There are no approved therapies for VHL disease associated tumors despite an unmet medical need.
Benefit • In a single-arm trial, the confirmed response rate by IRC for belzutifan in 61 patients with RCC evaluated at the proposed dose was 49% (95% CI: 36 to 62). The median duration of response was not reached (range 3+ to 22+ months).
• Responses were also seen in other VHL-associated tumors, including an ORR of 83% (95% CI: 52 to 98) for 12 patients with evaluable pNET and an ORR of 63% (95% CI: 4 to 30) for 24 patients with evaluable CNS hemangioblastomas.

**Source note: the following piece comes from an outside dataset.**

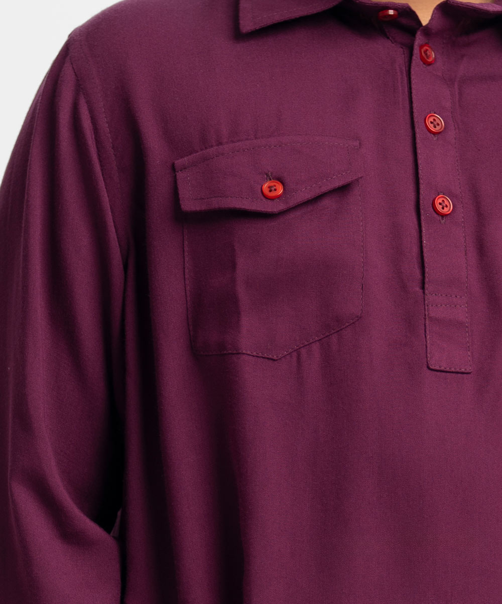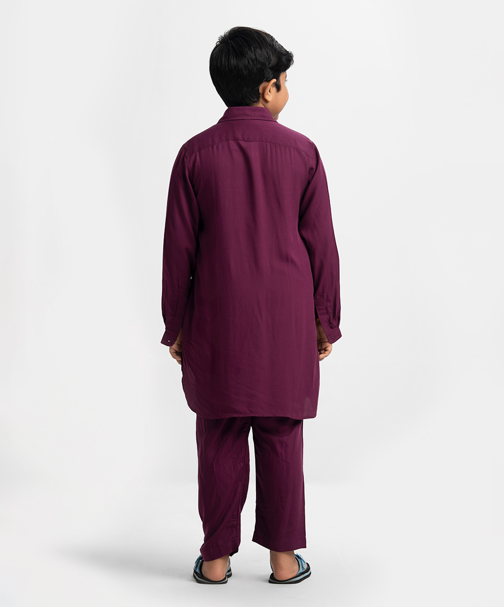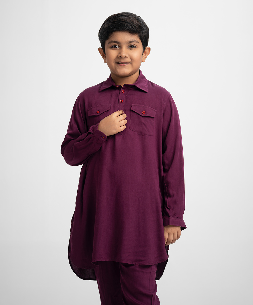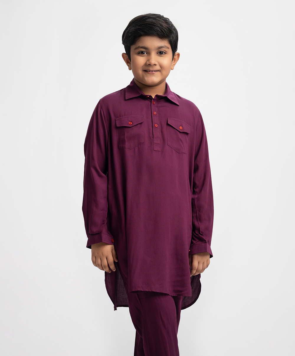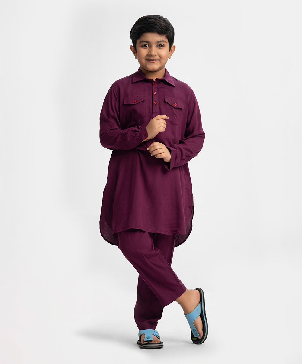 Kids kabli panjabi and pajama set in viscose fabric. Classic collar with double flap pocket on the chest. Inseam pockets on the sides.

Belzutifan has demonstrated a substantial ORR and DOR for VHL disease associated RCC and other tumors that represents direct clinical benefit.
Risk and Risk Management • The most commonly reported treatment emergent adverse events were decreased hemoglobin, anemia, fatigue, increased creatinine, headache, dizziness, increased glucose and nausea. Anemia, Hypoxia, and Embryo-Fetal Toxicity are labeled as Warnings and Precautions. Embryo-Fetal Toxicity is also a boxed warning due to the young age of patients and long-term use in the otherwise relatively healthy approval population.
• The Applicant will submit extended follow-up of patients on MK-6482-004 as post-marketing information to further characterize safety and describe efficacy. An additional study will further evaluate and describe efficacy of belzutifan in patients with VHL disease associated non-RCC tumors.
The risk-benefit profile of belzutifan is acceptable in the approved patient population.

Additional post-marketing trial data may further inform belzutifan labeling.

Note: Table adapted from FDA’s Multi-Discipline Review; there are no restrictions on its use (14).